G7.1.4 Firearms and Moving Vehicles
Chapter: Chapter 07: Use of Force
Sub-Chapter: 7.1 - Use of Force
Effective Date: 09/23/2016
Revised Date: 06/18/2024
Rescinds: G7.1.4 – 6/21/2022
Purpose
To provide the Indiana University Police Department (IUPD) with guidance surrounding firing a firearm at or from a moving vehicle.
General Order
IUPD officers are prohibited from discharging a firearm at or from a moving vehicle unless deadly force is considered necessary and objectively reasonable given the totality of the circumstances.
Firearms and Moving Vehicles
Discharging a firearm at or from a moving vehicle often presents an unacceptable risk to innocent bystanders and officers. Should the driver be wounded or killed by shots, the vehicle might continue under its own power or momentum, creating another hazard, including proceeding out of control and becoming a serious threat to anyone in the area.
Discharging a weapon accurately from a moving vehicle is extremely difficult and unlikely to successfully stop a threat.
Officers will not discharge a firearm at a moving vehicle except under the following circumstances:
- a person in the vehicle is imminently threatening the officer or another person with deadly force by means other than the vehicle (7.1.4 a); or
- the vehicle is operated in a manner deliberately intended to strike an officer or another person, and all other reasonable means of defense have been exhausted, including moving out of the path of the vehicle (7.1.4 b).

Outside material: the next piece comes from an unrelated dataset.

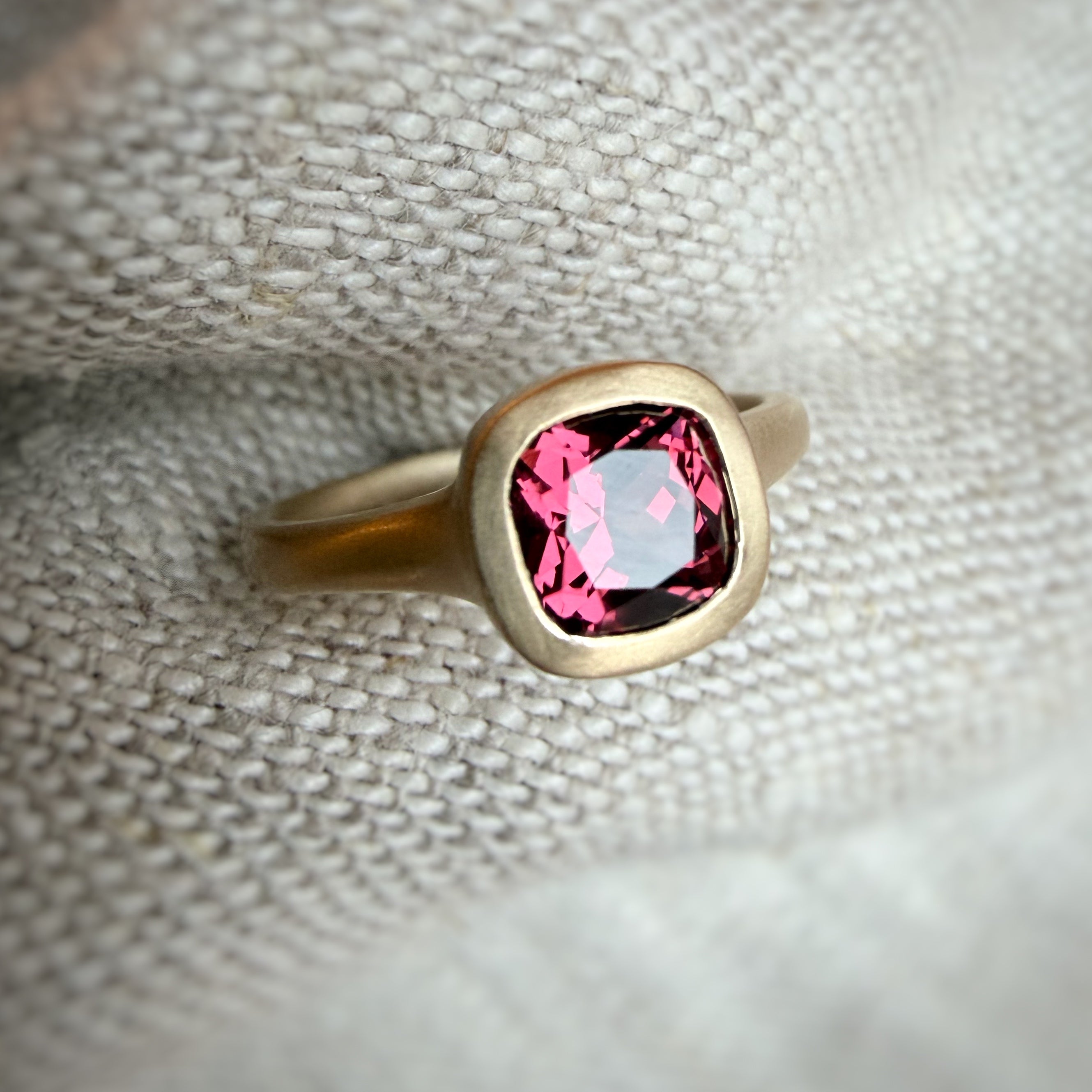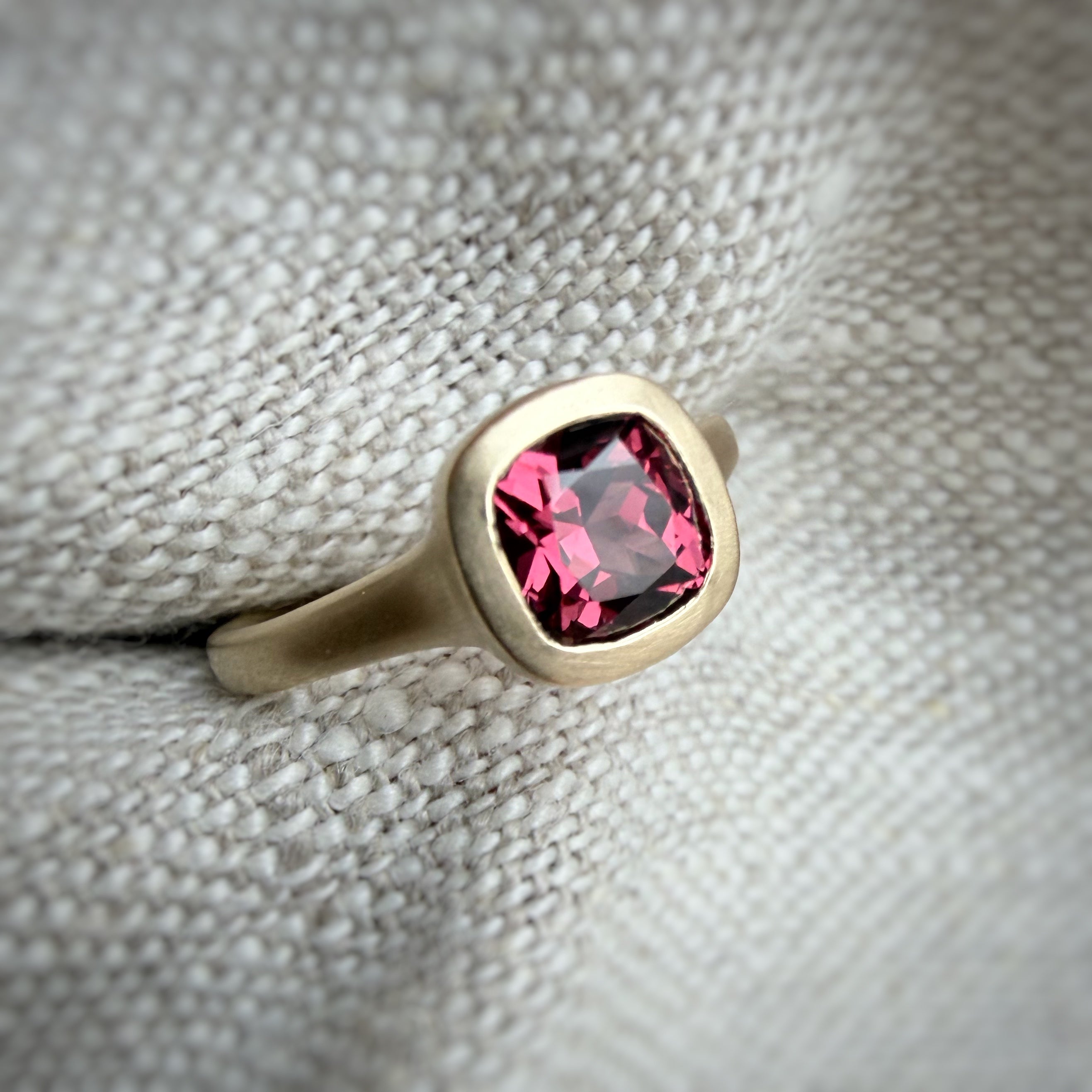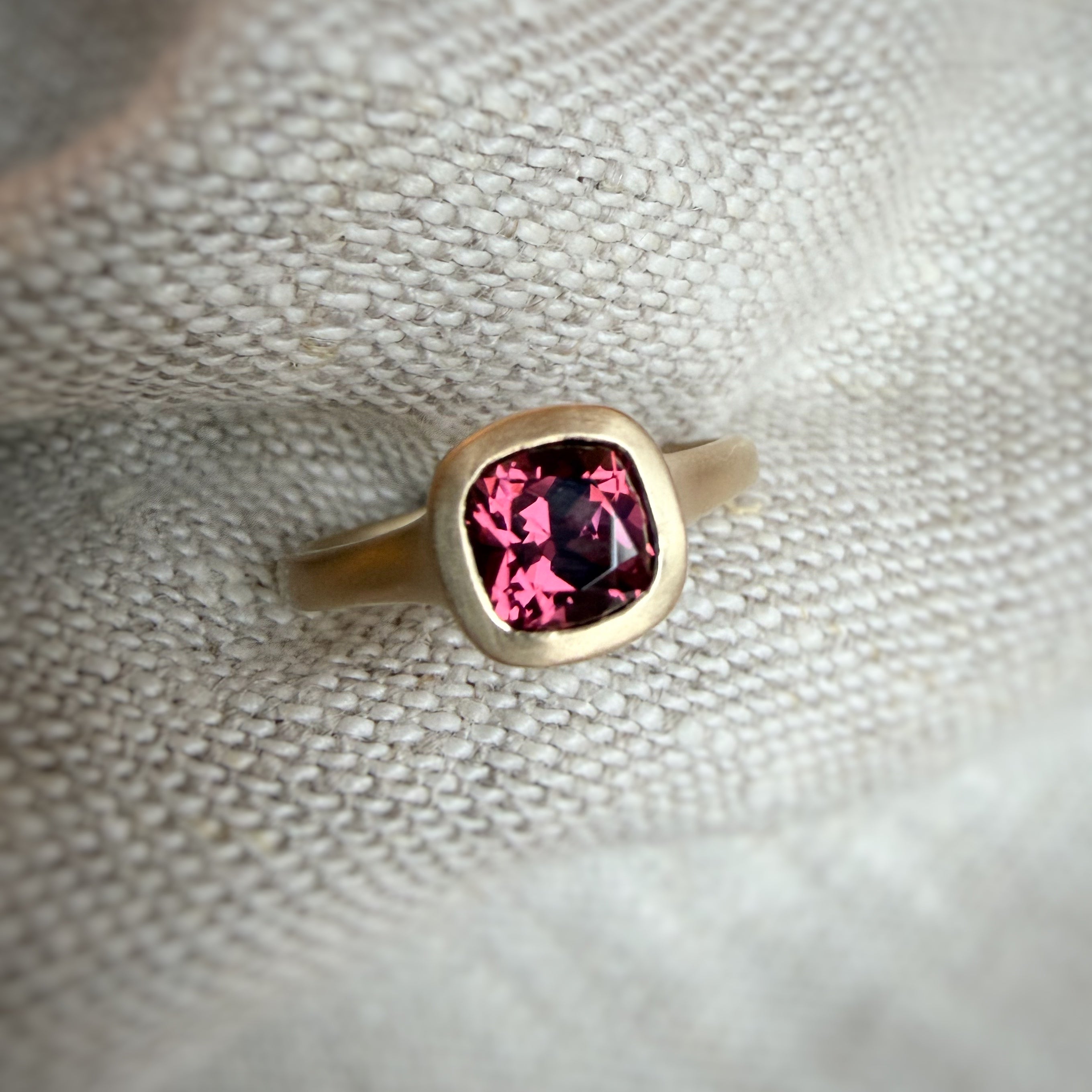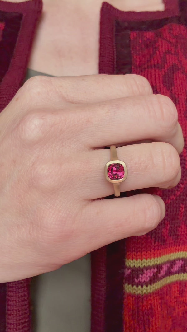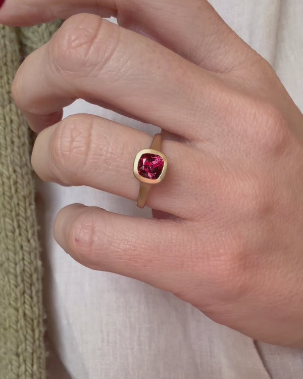 Featuring a 1.5 ct cushion cut umbalite garnet, in a beautifully vivid berry tone.

Officers will not place themselves in front of a moving vehicle to justify the use of deadly force. The officer’s first option should be to move safely out of the path of the moving vehicle. A moving vehicle alone will not presumptively constitute a threat that justifies an officer’s use of deadly force.
Officers must weigh the need to use deadly force in these situations against the potential harm to bystanders that may result from the use of force.